This complicates handling of generic functions. If you have a type
parameter `T`, can you copy values of that type? In Rust, you can't,
unless you explicitly declare that type parameter to have copyable
'kind'. A kind is a type of type.
// This does not compile
fn head_bad<T>(v: [T]) -> T { v[0] }
// This does
fn head<copy T>(v: [T]) -> T { v[0] }
When instantiating a generic function, you can only instantiate it
with types that fit its kinds. So you could not apply `head` to a
resource type.
Rust has three kinds: 'noncopyable', 'copyable', and 'sendable'. By
default, type parameters are considered to be noncopyable. You can
annotate them with the `copy` keyword to declare them copyable, and
with the `send` keyword to make them sendable.

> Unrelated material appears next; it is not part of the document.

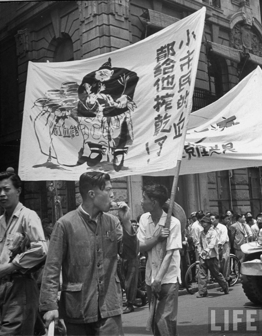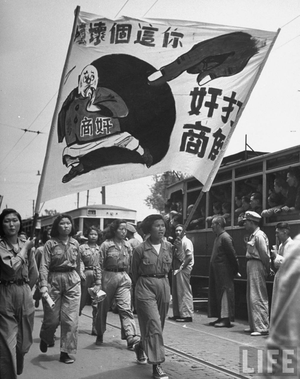 1947年,上海。军校女生们高呼口号,标语上写着“打倒奸商,你这个坏蛋”。.jpg

Sendable types are a subset of copyable types. They are types that do
not contain shared (reference counted) types, which are thus uniquely
owned by the function that owns them, and can be sent over channels to
other tasks. Most of the generic functions in the `std::comm` module
take sendable types.
## Generic functions and argument-passing
If you try this program:
# fn map(f: block(int) -> int, v: [int]) {}
fn plus1(x: int) -> int { x + 1 }
map(plus1, [1, 2, 3]);
You will get an error message about argument passing styles
disagreeing. The reason is that generic types are always passed by
pointer, so `map` expects a function that takes its argument by
pointer. The `plus1` you defined, however, uses the default, efficient
way to pass integers, which is by value. To get around this issue, you
have to explicitly mark the arguments to a function that you want to
pass to a generic higher-order function as being passed by pointer:
# fn map<T, U>(f: block(T) -> U, v: [T]) {}
fn plus1(&&x: int) -> int { x + 1 }
map(plus1, [1, 2, 3]);
NOTE: This is inconvenient, and we are hoping to get rid of this
restriction in the future.